Vol. XXII No. 4
December 2006
Focus! 2007 Serves Up A Hungarian Feast

By JOEL SACHS

Hungary—the land of amazing pastries and musical Gypsies, a celebrated anti-Communist revolt, and an impossible language! Musicians know of Liszt, Bartok, Kodaly, Dohnanyi, Szigeti, Reiner, and two Gyorgys—Sandor and Szell. (Gyorgy is pronounced more or less like George, its English equivalent.) Some music lovers also know the two composer-Gyorgys: Kurtag and Ligeti. Did a small country that produced so many great musicians just strike it lucky? Actually, Hungary is not so small: its population of 10 million exceeds Austria's by 25 percent. Yet we assume that Austria should produce composers almost by right, whereas Hungary's output still causes surprises. The composer Gyorgys are just part of the adventure of discovery.

Diego Masson will conduct the closing concert of the 2007 Focus! festival on February 2. (Photo by Katie Vandyck )
Hungary has a long and glorious artistic history. When Bartok returned to Budapest after a scholarship for study in Vienna, it was by no means just because of a provincial longing for his native land. Budapest, a lively artistic center, was a powerful antidote to the stuffiness of Imperial Vienna. Its small group of forward-thinking composers was growing, and might have developed spectacularly if not for the psychopathic politics of the next decades.

After the Second World War, Eastern Europe was behind the lines of the Red Army. The Soviets, determined to prevent the Nazi murderers who had destroyed their country from rising from the ashes, installed their puppets throughout the governments that they controlled. The ensuing repression led East Germany, Poland, and Hungary to attempt revolution in the mid-'50s. When Hungary's uprising was brutally crushed, any artistic experimentation looked hopeless, as in the Soviet Union. Severe shortages of information made a firsthand assessment of the situation extremely difficult. The new arts seemed doomed.

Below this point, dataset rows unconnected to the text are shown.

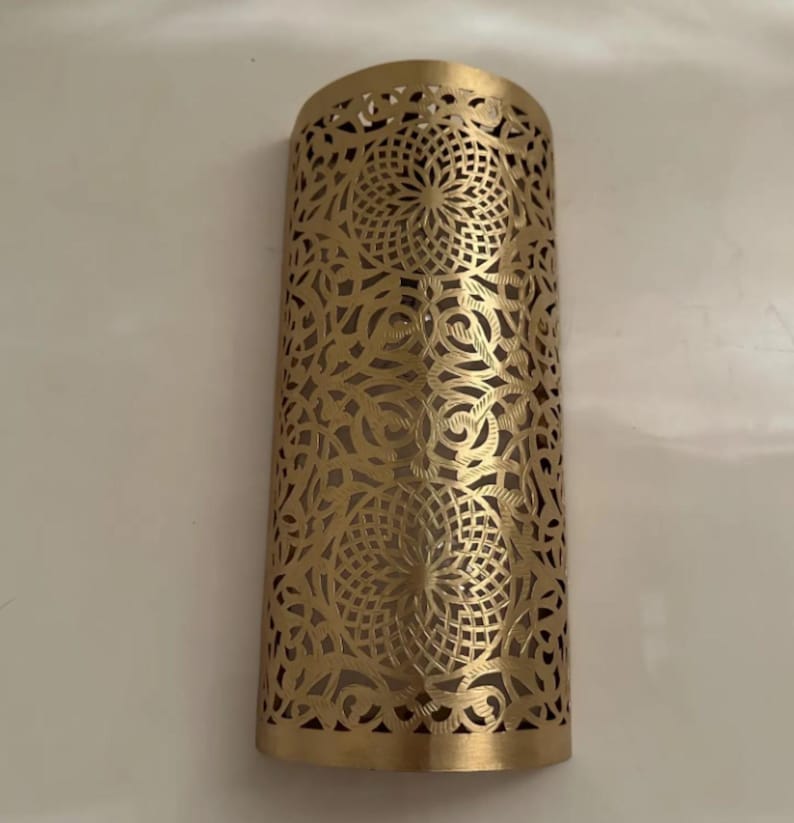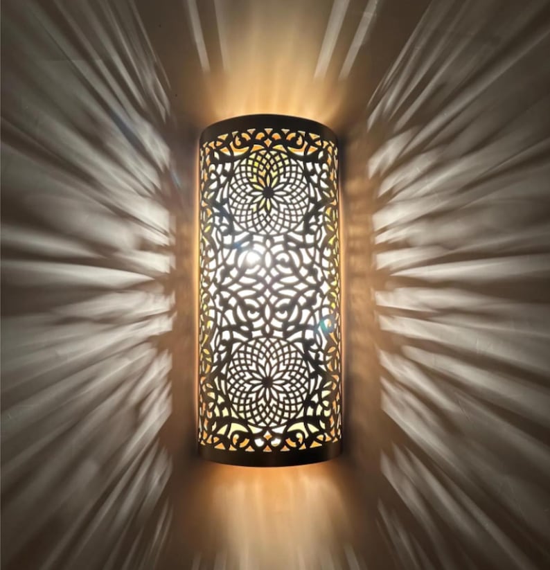 Each sconce is engraved and shaped by hand by our skilled Moroccan artisans, ensuring high-quality, detailed craftsmanship. The intricate design creates a stunning lighting effect on your wall when the lamp is lit.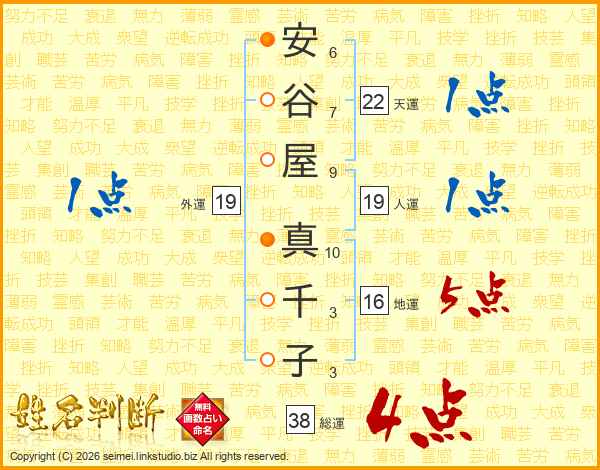 安(6画)谷(7画)屋(9画) 真(10画)千(3画)子(3画)
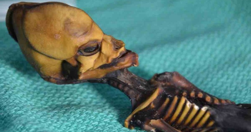 Los restos de sólo 15 centímetros, no tiene rótulas, un cráneo puntiagudo en forma de cono, cuencas oculares inclinadas y diez costillas, además de que no eran un feto humano, sino un ser completamente formado.

Yet the worst fears were not realized. Although the Hungarian Communist party had its cultural enforcers, interesting composers such as Andras Mihaly and Endre Szervanszky ("sz" is pronounced like "s") wrote marvelous music in up-to-date styles. Some of the leading composers of "experimental music" formed the New Music Studio to provide mutual support. While their work was permitted, such composers were obstructed by the musical bureaucrats and performances were few. One had to be close to the scene to know that a Hungarian avant-garde existed. Yet despite their suspiciousness of fresh ideas, the Communists saw that a healthy musical life was desirable. Wherever they ruled, they created a fine infrastructure for it. In Hungary, as in the Soviet Union, limited editions of unusual music were published and some of it was recorded.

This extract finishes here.